Must KnowRedisCaching
Data TypeCommandsUse Cases
StringGET/SET/INCR/EXPIRECache, counters, rate limiting, session tokens
HashHGET/HSET/HMGETUser profiles, object fields
ListLPUSH/RPUSH/LRANGE/BLPOPMessage queues, activity feeds, recent N items
SetSADD/SMEMBERS/SINTER/SUNIONUnique visitors, tags, social graph
Sorted SetZADD/ZRANGE/ZRANGEBYSCORELeaderboards, rate limiting (sliding window), priority queues
StreamXADD/XREAD/XGROUPEvent sourcing, log aggregation (Kafka-lite)
BitmapSETBIT/GETBIT/BITCOUNTDaily active users (1 bit per user), feature flags
HyperLogLogPFADD/PFCOUNTApproximate unique count (12KB for any cardinality)
import redis, time, json

r = redis.Redis(host='localhost', port=6379, decode_responses=True)

# ── Caching with TTL ───────────────────────────────────────
def get_user(user_id: str) -> dict:
    key = f"user:{user_id}"
    cached = r.get(key)
    if cached:
        return json.loads(cached)
    user = db.query_user(user_id)           # slow DB query
    r.setex(key, 3600, json.dumps(user))    # cache 1 hour
    return user

# ── Distributed Rate Limiting (token bucket) ──────────────
def rate_limit(user_id: str, limit: int = 100, window: int = 60) -> bool:
    key = f"rate:{user_id}"
    pipe = r.pipeline()
    now  = time.time()
    pipe.zremrangebyscore(key, 0, now - window)    # remove old requests
    pipe.zadd(key, {str(now): now})                # add current request
    pipe.zcard(key)                                # count in window
    pipe.expire(key, window)
    _, _, count, _ = pipe.execute()
    return count <= limit

# ── Distributed Lock (SETNX pattern) ──────────────────────
import uuid
def acquire_lock(resource: str, ttl: int = 10) -> str | None:
    lock_id = str(uuid.uuid4())
    acquired = r.set(f"lock:{resource}", lock_id, nx=True, ex=ttl)
    return lock_id if acquired else None

def release_lock(resource: str, lock_id: str) -> bool:
    # Lua script for atomic check-and-delete
    lua = """
    if redis.call("get", KEYS[1]) == ARGV[1] then
        return redis.call("del", KEYS[1])
    else return 0 end"""
    return bool(r.eval(lua, 1, f"lock:{resource}", lock_id))

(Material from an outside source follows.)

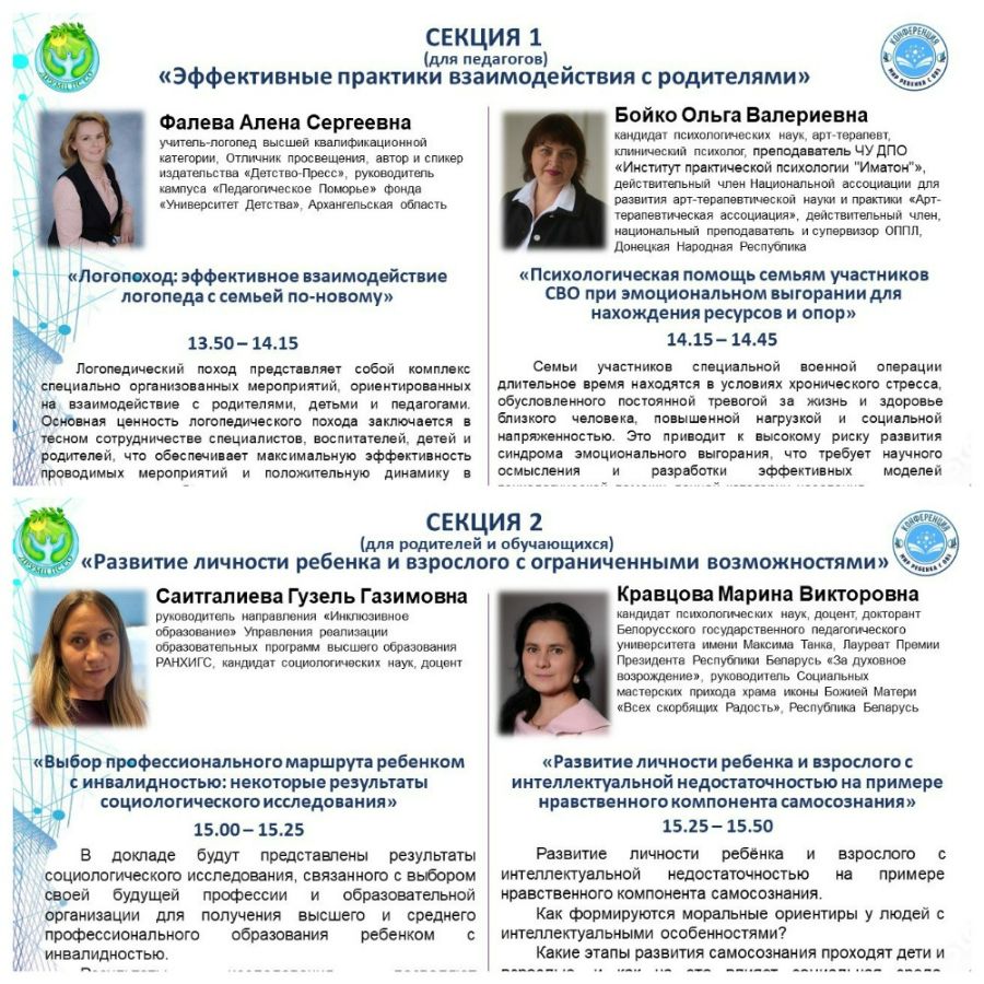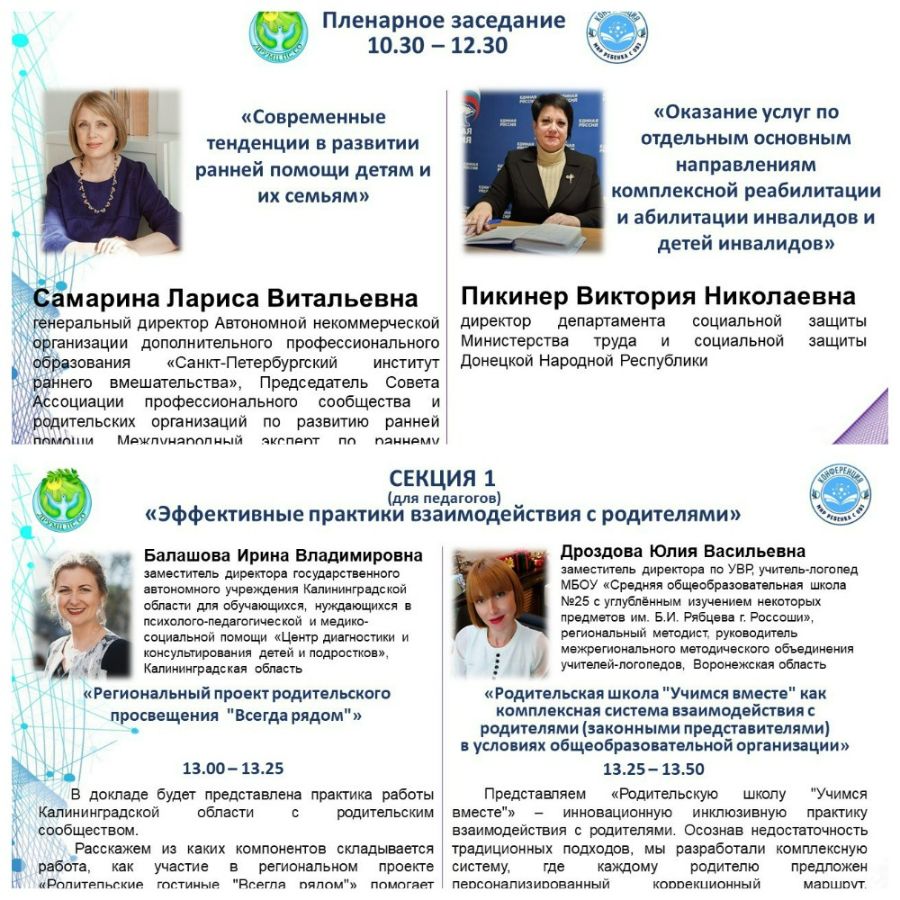 В этом году конференция проведена в смешанном формате: дистанционном и очном. В первый день Конференции в онлайн формате спикерами выступили 19 специалистов Донецкой Народной Республики, города Москвы, Архангельской, Воронежской, Ленинградской областей и Республики Беларусь. К трансляции подключилось около 1000 участников: родители (законные представители), работники системы образования, специалисты системы здравоохранения из Донецкой Народной Республики, Луганской Народной Республики, а также слушатели отдельных регионов Российской Федерации.

# ── Leaderboard (Sorted Set) ───────────────────────────────
r.zadd("leaderboard:2024", {"alice": 9500, "bob": 8700, "carol": 9200})
# Top 10
r.zrevrange("leaderboard:2024", 0, 9, withscores=True)
# User rank
r.zrevrank("leaderboard:2024", "alice")  # 0-indexed rank

# ── Pub/Sub ────────────────────────────────────────────────
# Publisher
r.publish("notifications:user:u123", json.dumps({"type": "order_shipped", "order_id": "o456"}))
# Subscriber (blocking)
pubsub = r.pubsub()
pubsub.subscribe("notifications:user:u123")
for message in pubsub.listen():
    if message["type"] == "message":
        print(json.loads(message["data"]))

Redis Persistence Modes

  • RDB (snapshots): Periodic binary dump. Fast restart, compact file. Risk: lose data since last snapshot (typically minutes).
  • AOF (Append Only File): Log every write command. Configurable fsync: always (safe but slow), everysec (1s data loss risk), no (OS decides). Larger file, slower restart but better durability.
  • RDB + AOF: Best of both — use AOF for durability, RDB for fast restart. Redis 7+ uses newer AOF + RDB hybrid format.
  • No persistence: Pure cache — fastest, full data loss on restart. Acceptable when data can be rebuilt from primary store.
Redis Cluster vs Sentinel vs Standalone
Standalone: Single node. Simplest; no HA.
Sentinel: HA setup — 3+ sentinel processes monitor master + replicas. Auto-failover. One shard (no horizontal scale).
Cluster: Horizontal sharding across 3-N master nodes (16384 hash slots). Each master has replicas. Scales writes; some multi-key commands require same slot (use hash tags {user}:*).